Choose the right data structure

The question. You've got data you need to store, and more than one container could plausibly hold it. List? Dict? Set? Tuple? Counter? namedtuple? You want a decision short enough to make in your head, and long enough to be right most of the time.

The short version: ask what your primary operation is. Lookups by key → dict. Membership tests → set. Ordered items → list (if mutable) or tuple (if fixed). Then the edge cases fall out.

The answer

Primary operation Structure Syntax
Walk an ordered sequence list [1, 2, 3]
Walk a fixed sequence tuple (1, 2, 3)
Look up by key dict {'a': 1}
Test membership set {1, 2, 3}
Count occurrences collections.Counter Counter(items)
Group items by category dict of list {cat: [...]}
Named fields, immutable collections.namedtuple or dataclass(frozen=True)
Many database-style records list of dict (or list of dataclasses)

When in doubt, start with list or dict. They cover the majority of everyday cases, and refactoring to a more specialised structure later is rarely painful.

Why each one earns its place

list is the general-purpose ordered container. Appending, indexing, and iterating are all cheap. Reach for it whenever you just need "a bunch of things, in order" and you don't know in advance how many you'll need.

tuple is a list that doesn't change. Use it for fixed heterogeneous records ((width, height)), for return values with a fixed shape, and anywhere you want a dict key — tuples are hashable; lists aren't.

dict is the lookup table. Inserting, looking up, and deleting by key are all O(1) on average. Dicts also preserve insertion order (since Python 3.7), so you get a usable ordering for free.

set is the membership test. x in a_set is O(1); x in a_list is O(n). Sets also give you the algebra — union, intersection, difference — which is overkill for small collections but a lifesaver for diffing.

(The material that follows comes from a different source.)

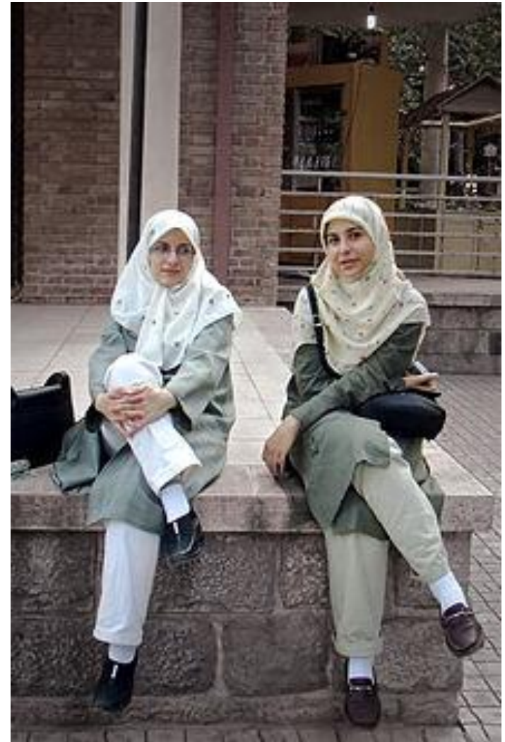
Donne iraniane 2009

.Fu reintrodotta anche l'istituto delle spose temporanee

collections.Counter is a dict subclass with counting baked in. Counter(items) reads items once and records counts; most_common(3) gives you the top three. Reach for it whenever "how many of each?" is the answer you want.

namedtuple / frozen dataclass are tuples with names. Use them when you want attribute access (p.x instead of p[0]) and immutability. For mutable records — or when you want type hints and default values — a regular dataclass is the better choice.

Trade-offs

Lists are fine for small collections, slow for membership. Scanning a 10-item list for x in list is instant. Scanning a 100 000-item list, a hundred thousand times, is not. Convert to a set (lookup = set(list)) when you're about to do repeated membership checks.

Sets don't preserve order. set([1, 2, 3]) might iterate as {3, 1, 2} or any other order. If order matters, stay with a list and deduplicate via dict.fromkeys(items) (preserves insertion order).

Tuples are immutable but shallow. (1, [2]) can still have its inner list mutated — the outer tuple is frozen, the inner list isn't. For genuine immutability, use frozenset for sets and a frozen dataclass plus tuple-only fields.

Don't over-engineer. A dict is often a fine stand-in for a class in a small script. Promote it to a dataclass when the shape starts appearing in multiple places or when you need validation — not before.